In the old days, parents were merely concerned about kids getting hurt at school or while playing just outside their house. Now, with the age of technology where everything and everyone is online (on the Internet) we have new threats to watch out for. I myself am a parent as well (as some of you loyal readers already know) of twin girls. Watching out for them online can be much more difficult than just watching out for them in person. In this article we will focus on Facebook and explain some of the threats and what you can do to minimize risks.
Facebook, if you haven’t heard of it, you need to check it out. If you don’t already have an account and your kids do, you better get an account immediately after reading this article and see if your kids will add you as a friend. This is a very easy and basic way of keeping track of them online, Facebook specifically. If you are new to this, go to www.facebook.com
- Keep your information private. It’s easy to sign up for a Facebook account and of course you then want to fill out your information and start playing all the games etc. Unfortunately games want to access your information and many times you need to specify your settings to be private, friends only, friends of friends, or everyone (people who are not your friends – the world).
You need to carefully look at your Facebook profile and decide what information you want only friends to see and what you want everyone else to see.
- Careful what you post. I see alot of nice posts, then I see stupid useless stuff, and then there is insulting, bullying and disgusting posts. Be careful what you post. A common one I see is “5 likes and I’ll answer these 10 questions”, then it goes on to list several likes and dislikes which some are harmless, but then there are some questions like what was your last text, which could be very private. Some people are smart enough to make up answers rather than answer honestly, but then that could backfire too.This is a very big area in Facebook is posting status updates. Don’t post things like when you are away on vacation. Potential burglars are online waiting to see when someone is on vacation. Your kids post this online, which means you are probably going with them, and if they don’t have their posts set to private, everyone could see no one is home and this is the perfect time to break in and steal from you.Even worse, in combination with what information your kids have in their profile, and what they post, predators can see what your child looks like, where they go to school, where they live, and what time their dance practice, swimming lessons, music lessons, etc. are and where. So they can follow them around waiting for the perfect opportunity to snatch your precious child and possibly do unspeakable things. (sorry, but I can’t help but think about my own kids at the same time. Freaks me right out, no one likes to talk about it or hear it, but you have to be aware, and having daughters, for me, makes it even worse.)Kids usually assume everything is harmless. They are so wrong, but that’s why we as parents need to step in. Photos they take of themselves and post online may seem perfectly fine to them, but if you look at them in the eyes of a pervert, stalker, and don’t want to say the R word… Just make sure those photos are either marked for friends only and that their friends truly are friends that they know and go to school with, and not just friends they found online because they share a game in common. Many times someone will have a Facebook account appearing as a 10 year old but in reality they are a 40 year old perv. Best precaution is just delete any questionable photos. There is no need to show everyone online all your photos. Especially potentially erotic looking photos.
What can I do as a parent?
- Check your privacy settings by going to the arrow beside the Home option and click on Privacy settings.
You will see several options in the next screen. Make sure the default setting is for friends.
- When posting each time, click on the “Custom” button and choose who you want to be able to see this particular post. Usually you just want friends to see it, otherwise, it maybe friends of friends but since you don’t know who all the friends of your friends are, and who they could be in the future, it’s not a good idea.
- Especially when it comes to photos of your child, make sure they are not questionable. Use your best judgement and either ensure only friends can see it or just delete the photo all together.

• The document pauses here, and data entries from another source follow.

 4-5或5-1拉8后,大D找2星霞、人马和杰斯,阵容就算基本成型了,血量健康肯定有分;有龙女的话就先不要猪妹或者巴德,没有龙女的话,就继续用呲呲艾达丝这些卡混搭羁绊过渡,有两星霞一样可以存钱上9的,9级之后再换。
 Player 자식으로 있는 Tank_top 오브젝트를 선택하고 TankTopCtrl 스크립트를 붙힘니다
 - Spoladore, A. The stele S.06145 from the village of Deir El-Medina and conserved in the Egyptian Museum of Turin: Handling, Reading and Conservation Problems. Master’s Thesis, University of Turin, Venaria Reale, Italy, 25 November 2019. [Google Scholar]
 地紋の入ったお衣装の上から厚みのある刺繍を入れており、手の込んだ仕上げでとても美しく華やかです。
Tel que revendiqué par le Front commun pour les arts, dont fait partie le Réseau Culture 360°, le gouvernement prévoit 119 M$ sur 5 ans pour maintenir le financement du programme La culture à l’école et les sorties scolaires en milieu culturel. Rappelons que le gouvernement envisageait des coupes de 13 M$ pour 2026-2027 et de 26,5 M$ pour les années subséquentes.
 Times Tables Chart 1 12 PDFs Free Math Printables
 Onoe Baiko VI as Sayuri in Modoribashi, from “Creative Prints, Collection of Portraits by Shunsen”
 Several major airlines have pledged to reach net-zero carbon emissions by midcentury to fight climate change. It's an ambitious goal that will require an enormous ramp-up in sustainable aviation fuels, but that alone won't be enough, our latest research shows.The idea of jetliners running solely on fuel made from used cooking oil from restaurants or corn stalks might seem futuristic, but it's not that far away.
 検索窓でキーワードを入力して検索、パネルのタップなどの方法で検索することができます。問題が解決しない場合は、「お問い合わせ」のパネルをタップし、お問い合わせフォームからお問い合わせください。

- Make sure they know not to chat with or become friends with strangers.
- Make sure they understand never to post information like when they are going on a family vacation or anything that would suggest to potential burglars when is a good time to break in.

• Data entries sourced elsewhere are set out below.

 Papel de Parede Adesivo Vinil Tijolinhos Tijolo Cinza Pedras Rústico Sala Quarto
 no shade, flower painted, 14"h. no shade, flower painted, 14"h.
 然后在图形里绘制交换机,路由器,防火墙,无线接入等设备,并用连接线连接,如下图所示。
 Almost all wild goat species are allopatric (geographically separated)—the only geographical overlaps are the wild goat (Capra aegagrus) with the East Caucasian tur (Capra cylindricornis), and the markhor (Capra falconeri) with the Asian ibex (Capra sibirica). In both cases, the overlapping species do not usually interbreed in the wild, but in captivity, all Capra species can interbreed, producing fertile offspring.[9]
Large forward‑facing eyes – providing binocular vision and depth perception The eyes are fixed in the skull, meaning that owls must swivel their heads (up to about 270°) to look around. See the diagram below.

- Make sure they don’t provide details about everything they do and where they go. Online stalkers love this stuff.
- Ask them to respect others online, bullying in person and online is the same thing. They need to know it is important to you that they tell you about anyone bullying them online or making them feel bad or negative.
- If all else fails, simply don’t allow your child on Facebook at all. Think about it, when we were kids, we didn’t have Facebook.
Now, the big questions. How old should my child be before getting a Facebook account?
In my personal opinion, it’s a decision that must be made independently by each parent. Only you know your child and when you feel they are old enough to be responsible, give them some slack, but monitor them closely at first. Then, you can back off a little when you feel you can really trust them to protect themselves.